# Need to find a good breeder in...



## mnejng (Nov 8, 2010)

Hi. I'm not a maltese owner yet but am hoping to buy one in a few months. I'm looking for a good breeder and where I live does not help much. You see I live in Lancaster, PA. Yep, good old Lancaster County, Greeder ****. As many here know, its hard to find a good breeder here. 

I've had friends who purchased dogs in puppy mills and they have had bad experiences, some of which are so horrifying that I just can't see myself even purchasing a dog no where in PA. 

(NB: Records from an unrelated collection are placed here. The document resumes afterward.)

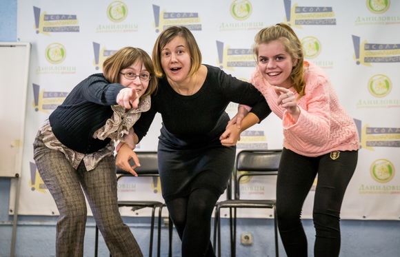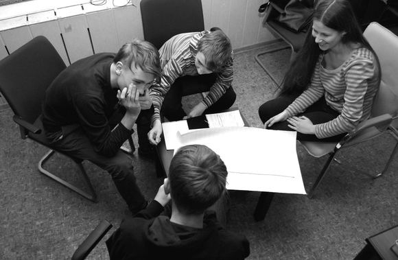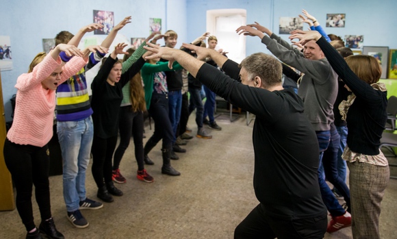 Мы встали с утра позже, чем во все остальные дни. Собрали сумки и пошли на последнее мероприятие. В офисе фонда нас встретили артисты playback театра. Перед выступлением один из артистов Илья рассказал все про этот театр. Затем мы должны были рассказывать актерам, что случилось с нами за эту неделю, а они должны были показать нас, наши чувства и эмоции. Все было очень похожим, они смогли нас изобразить. |
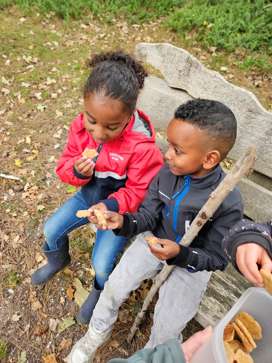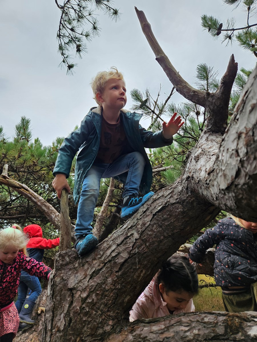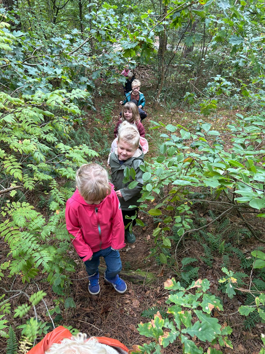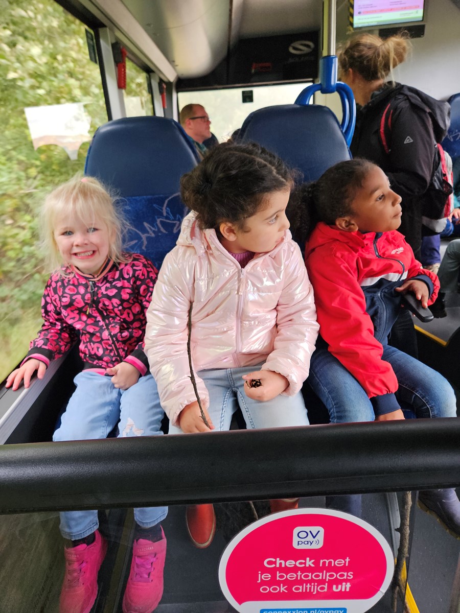 Vrijdag gingen we dan echt op pad naar het bos. De busrit was natuurlijk weer een groot avontuur. In het bos hebben we weer van alles ontdekt en gezien. We hebben de wortels van een boom goed bekeken, het verschil in de bomen ontdekt, geklommen in de bomen en natuurlijk een zelfgebakken koekje gegeten.
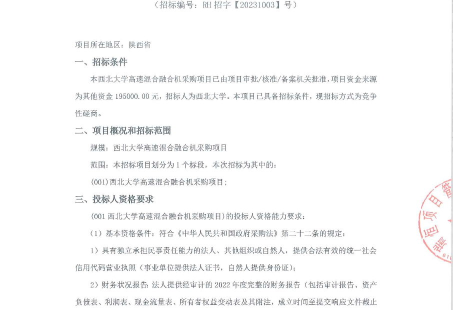 乐投在线高速混合融合机采购项目竞争性磋商公告 作者: 编辑:采购与招标办公室 时间:2023-10-18 原公告链接:http://bulletin.sntba.com/biddingBulletin/2023-10-17/735312.html
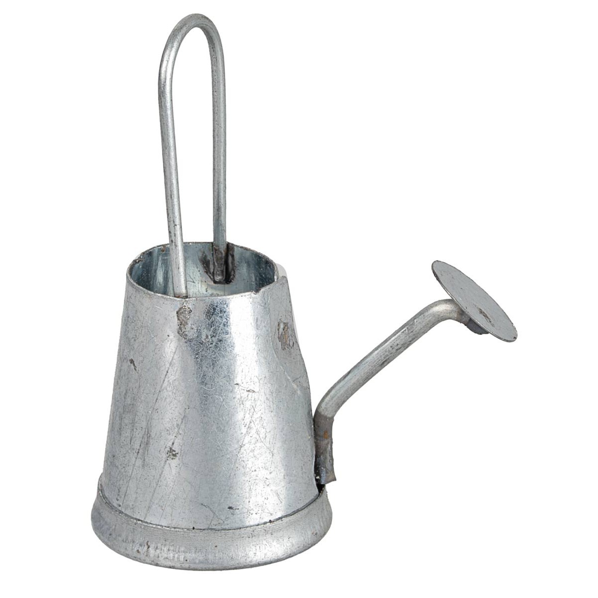 Annaffiatoio in metallo con manico ad arco e beccuccio con rosetta.
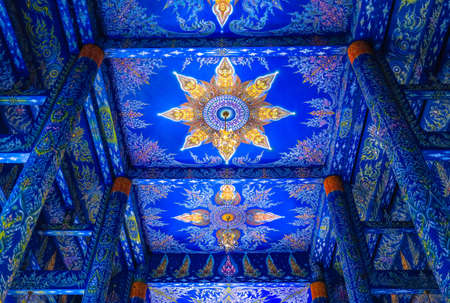 Rimkok district,Chiang Rai Province,Northern Thailand on January 19,2020:Beautiful paintings at the ceiling of the main hall of Wat Rong Suea Ten or Blue Temple.

Does anyone know of any good breeders in PA or even in MD close to PA that you know of or have had any good experiences with?

Thanks for any input.


----------



## Cosy (Feb 9, 2006)

Here's a place to start. American Maltese Association


----------



## aprilb (Jul 9, 2010)

Josymir Maltese is near Pittsburgh. Both of my girls came from her and I have been very pleased. Good luck! :Good luck: (Please PM me if you would like more information.)


----------



## mnejng (Nov 8, 2010)

Thank you both for being helpful! Oh, and Cosy, Lily & Rose are sooo Pretty!! I can't wait to have my own Maltese!


----------



## mostlytina (Jan 3, 2009)

My malts are from Josymir as well. I got my first one last August and the second one last week!!! Josy is very helpful in finding what you want (personality, temperament, looks...etc) She is very honest and will tell you the truth (if it will work or not kind of thing). She cares about her dogs very much and she always responds very quickly. Good luck in finding your malt and let us know how things are going.


----------



## princessre (Dec 23, 2008)

I have spoken many times to Beverly Quillam of Bevway Maltese in PA, and she really seems to be a good breeder. Might be worth calling her to find out more!


----------



## godiva goddess (Nov 19, 2007)

Mia is from Chrisman Maltese in PA. I am very happy with Mia. Good luck to you!


----------